Enron investors are due to receive $72.5 million from its former auditor, Arthur Andersen, reported Bloomberg.
According to the wire service, U.S. District Judge Melinda Harmon approved the class-action settlement — agreed to in 2005 but first made public only last November — after plaintiffs’ attorneys acknowledged that this was about as much money as they could recover. Investors will also receive $2 million in accrued interest, Bloomberg added.
“This is a very good settlement,” Keith Park, a lawyer for the University of California Board of Regents, the lead plaintiffs in the class action, reportedly told Harmon at a hearing last week.
Altogether, investors have recovered more than $7.3 billion in settlements with Enron’s former lenders and lawyers, according to the report.

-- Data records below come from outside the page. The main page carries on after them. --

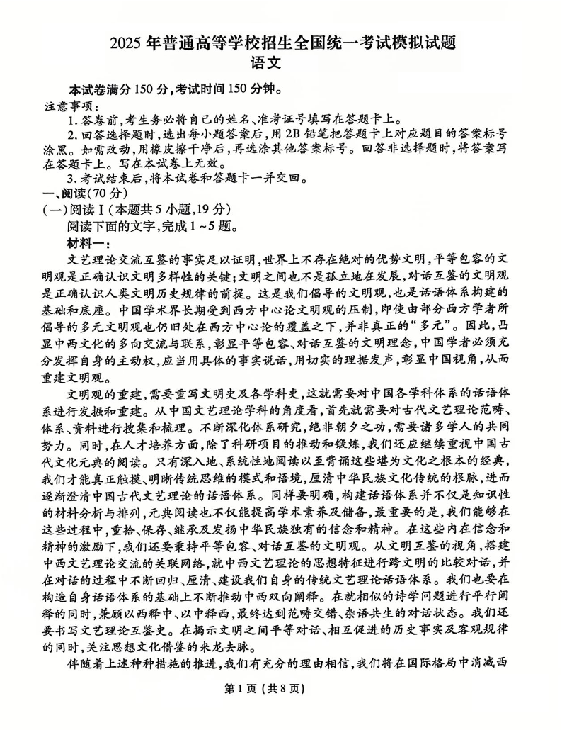 衡水金卷·先享题·信息卷2025届高三模拟试题(五)语文.pdf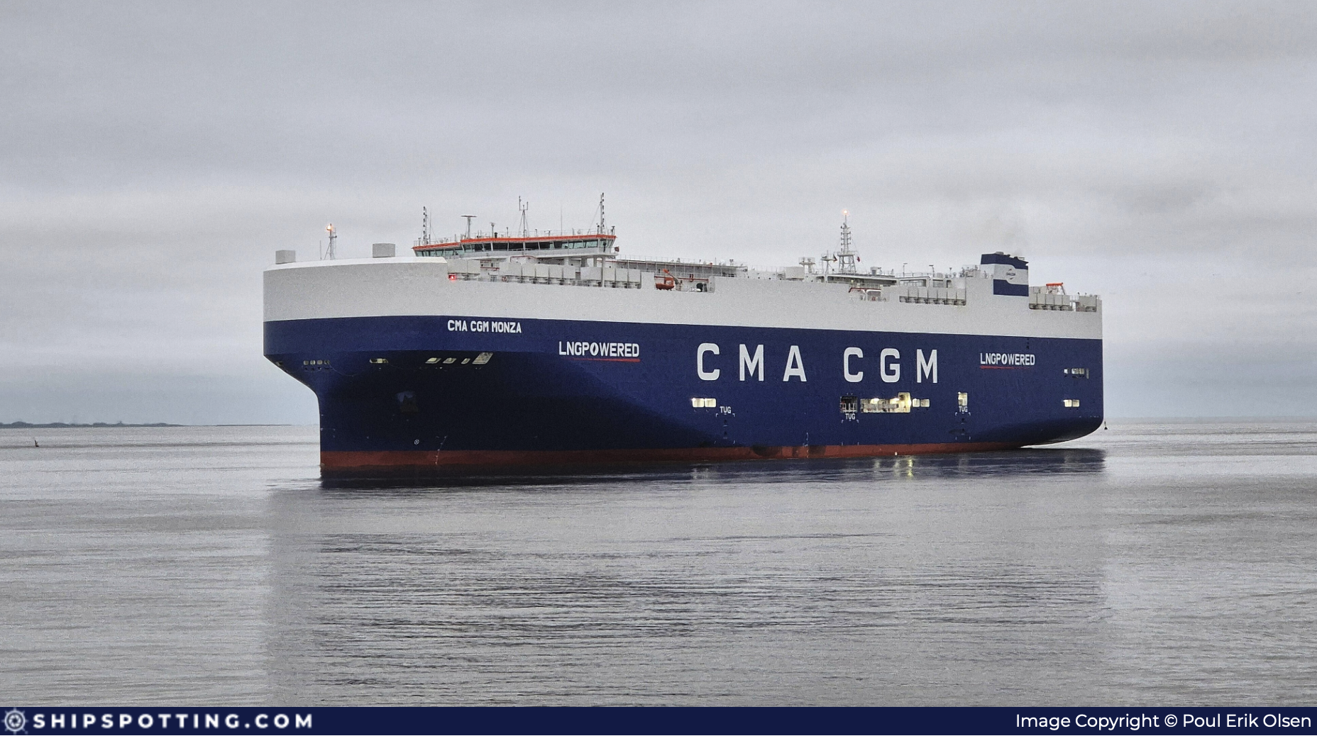 The vessel involved, CMA CGM MONZA, is a 2024-built LNG dual-fuel PCTC of around 200 metres in length, with a capacity of approximately 7,000 vehicles. The ship was built in China and is owned by Eastern Pacific Shipping, under charter to CMA CGM.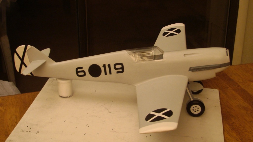 | Nearly. They were in the natural aluminum with yellow and red roundels and the same black X on a white background on the rudder. This 109 is painted with just black and white, and mixtures thereof, and unlike the FW-190, no silver is being used. |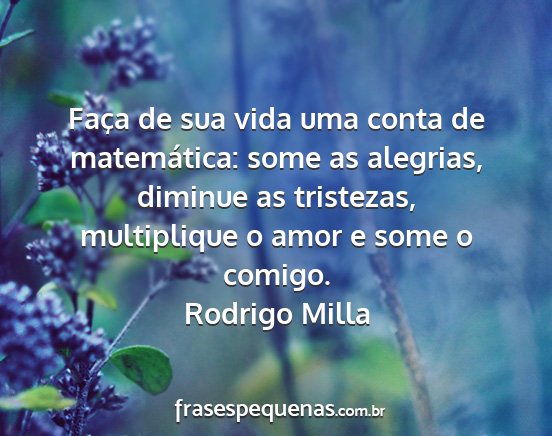 Faça de sua vida uma conta de matemática: some as alegrias, diminue as tristezas, multiplique o amor e some o comigo.Rodrigo Milla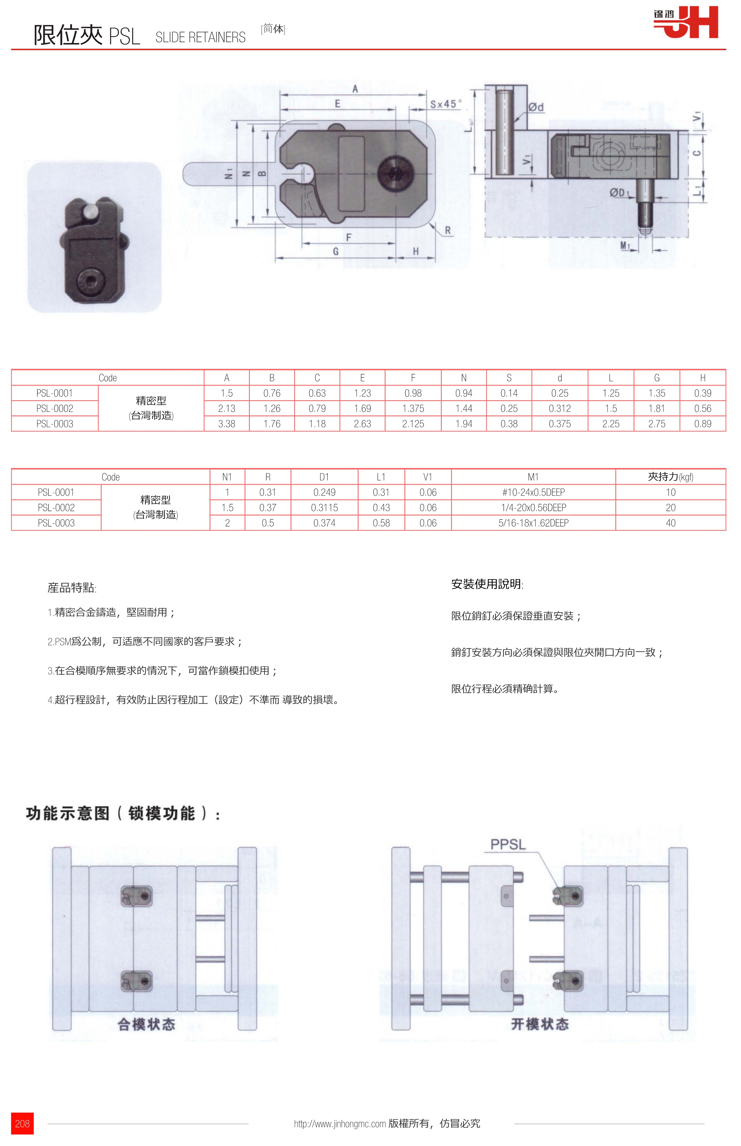 | PSL-0001 | 精密型 (臺灣制造) | 1 | 0.31 | 0.249 | 0.31 | 0.06 | #10-24x0.5DEEP | 10 |

The wire service noted that Patrick Dorton, a spokesman for Arthur Andersen, said in November that the firm admitted no wrongdoing as part of the agreement but was not immediately available to comment on the judge’s decision.
In another case presided over by Judge Harmon, in 2002 Andersen was convicted of obstruction of justice for destroying Enron-related documents, and the firm was forced to close down its auditing practice and most of its offices.
Three years later, the Supreme Court overturned the conviction, ruling 9-0 that Judge Harmon’s jury instructions were faulty because they didn’t require proof that Andersen officials knew they were breaking the law.
By then, noted Bloomberg, Andersen’s 85,000-strong work force, and its clients, had scattered. Today, about 200 lawyers and administrators oversee litigation and manage its remaining sites, including a conference center near its Chicago headquarters, according to the wire service.